:: Supplied records
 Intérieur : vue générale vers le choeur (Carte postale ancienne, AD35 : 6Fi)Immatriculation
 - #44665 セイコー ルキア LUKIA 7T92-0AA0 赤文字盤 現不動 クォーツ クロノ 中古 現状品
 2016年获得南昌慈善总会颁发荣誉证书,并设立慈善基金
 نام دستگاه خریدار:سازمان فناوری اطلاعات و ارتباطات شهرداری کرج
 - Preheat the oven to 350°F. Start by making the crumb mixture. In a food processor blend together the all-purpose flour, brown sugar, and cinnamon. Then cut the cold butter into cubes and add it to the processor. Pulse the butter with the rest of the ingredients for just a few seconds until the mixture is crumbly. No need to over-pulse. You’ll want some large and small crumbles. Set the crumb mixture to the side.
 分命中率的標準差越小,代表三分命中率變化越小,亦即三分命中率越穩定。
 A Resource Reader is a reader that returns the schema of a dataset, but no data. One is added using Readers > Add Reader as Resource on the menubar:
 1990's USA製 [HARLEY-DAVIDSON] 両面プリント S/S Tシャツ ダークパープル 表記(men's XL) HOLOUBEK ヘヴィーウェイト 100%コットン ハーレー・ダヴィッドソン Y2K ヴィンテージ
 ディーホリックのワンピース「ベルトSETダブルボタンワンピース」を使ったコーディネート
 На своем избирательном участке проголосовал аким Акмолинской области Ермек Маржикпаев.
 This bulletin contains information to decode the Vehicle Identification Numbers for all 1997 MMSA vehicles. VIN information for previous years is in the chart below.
::::
Repeat the data in full, matching each line exactly.

 Intérieur : vue générale vers le choeur (Carte postale ancienne, AD35 : 6Fi)Immatriculation
 - #44665 セイコー ルキア LUKIA 7T92-0AA0 赤文字盤 現不動 クォーツ クロノ 中古 現状品
 2016年获得南昌慈善总会颁发荣誉证书,并设立慈善基金
 نام دستگاه خریدار:سازمان فناوری اطلاعات و ارتباطات شهرداری کرج
 - Preheat the oven to 350°F. Start by making the crumb mixture. In a food processor blend together the all-purpose flour, brown sugar, and cinnamon. Then cut the cold butter into cubes and add it to the processor. Pulse the butter with the rest of the ingredients for just a few seconds until the mixture is crumbly. No need to over-pulse. You’ll want some large and small crumbles. Set the crumb mixture to the side.
 分命中率的標準差越小,代表三分命中率變化越小,亦即三分命中率越穩定。
 A Resource Reader is a reader that returns the schema of a dataset, but no data. One is added using Readers > Add Reader as Resource on the menubar:
 1990's USA製 [HARLEY-DAVIDSON] 両面プリント S/S Tシャツ ダークパープル 表記(men's XL) HOLOUBEK ヘヴィーウェイト 100%コットン ハーレー・ダヴィッドソン Y2K ヴィンテージ
 ディーホリックのワンピース「ベルトSETダブルボタンワンピース」を使ったコーディネート
 На своем избирательном участке проголосовал аким Акмолинской области Ермек Маржикпаев.
 This bulletin contains information to decode the Vehicle Identification Numbers for all 1997 MMSA vehicles. VIN information for previous years is in the chart below.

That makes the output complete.